> [Problem]
Please make an exact copy of the listing, without the pictures.

> [Given data]

== Segment start ==

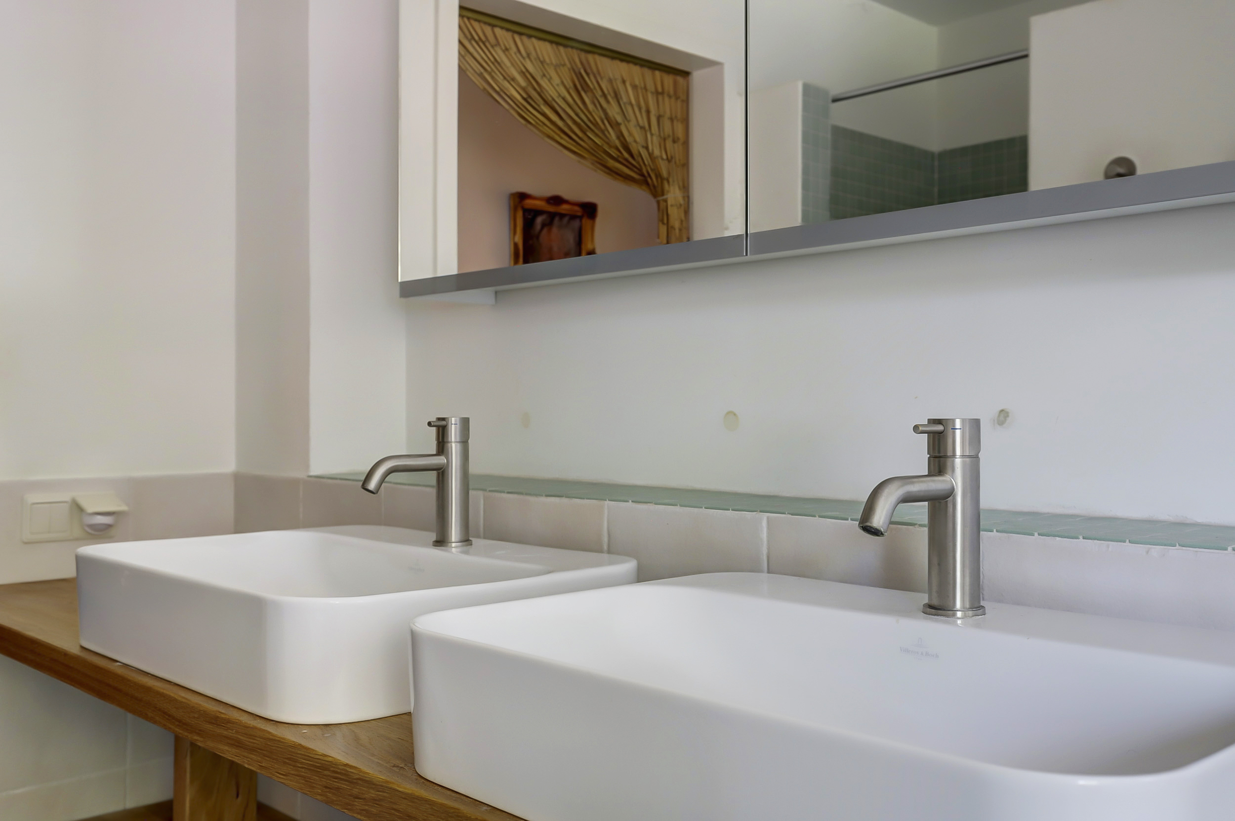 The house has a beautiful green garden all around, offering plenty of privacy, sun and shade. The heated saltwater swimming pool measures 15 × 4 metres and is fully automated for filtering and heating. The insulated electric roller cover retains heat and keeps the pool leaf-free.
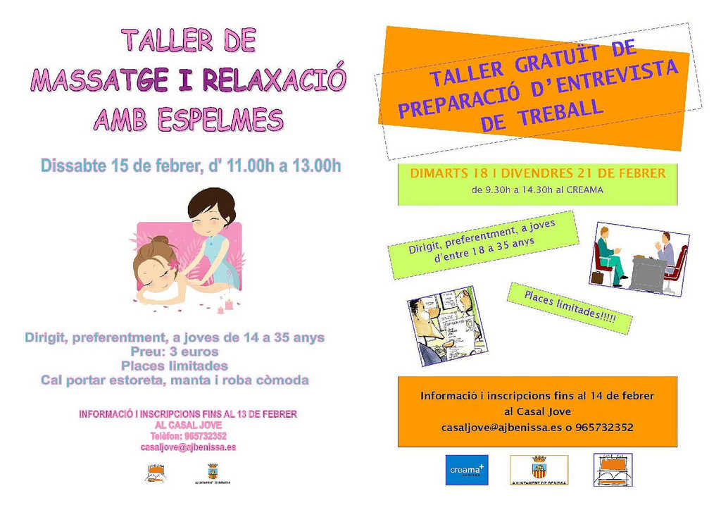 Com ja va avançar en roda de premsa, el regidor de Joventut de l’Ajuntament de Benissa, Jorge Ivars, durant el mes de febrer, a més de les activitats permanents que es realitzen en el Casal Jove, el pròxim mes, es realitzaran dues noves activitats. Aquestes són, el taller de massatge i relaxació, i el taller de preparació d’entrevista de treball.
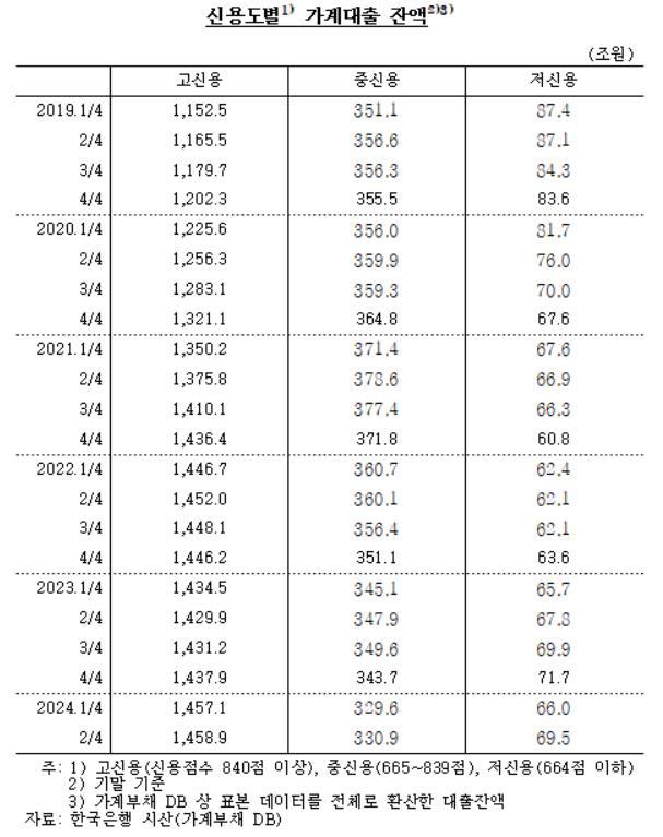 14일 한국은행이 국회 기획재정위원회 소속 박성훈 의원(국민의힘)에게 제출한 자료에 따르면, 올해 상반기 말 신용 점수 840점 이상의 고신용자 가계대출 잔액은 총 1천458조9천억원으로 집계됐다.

== Segment end ==

> [Exercise output]
 The house has a beautiful green garden all around, offering plenty of privacy, sun and shade. The heated saltwater swimming pool measures 15 × 4 metres and is fully automated for filtering and heating. The insulated electric roller cover retains heat and keeps the pool leaf-free.
 Com ja va avançar en roda de premsa, el regidor de Joventut de l’Ajuntament de Benissa, Jorge Ivars, durant el mes de febrer, a més de les activitats permanents que es realitzen en el Casal Jove, el pròxim mes, es realitzaran dues noves activitats. Aquestes són, el taller de massatge i relaxació, i el taller de preparació d’entrevista de treball.
 14일 한국은행이 국회 기획재정위원회 소속 박성훈 의원(국민의힘)에게 제출한 자료에 따르면, 올해 상반기 말 신용 점수 840점 이상의 고신용자 가계대출 잔액은 총 1천458조9천억원으로 집계됐다.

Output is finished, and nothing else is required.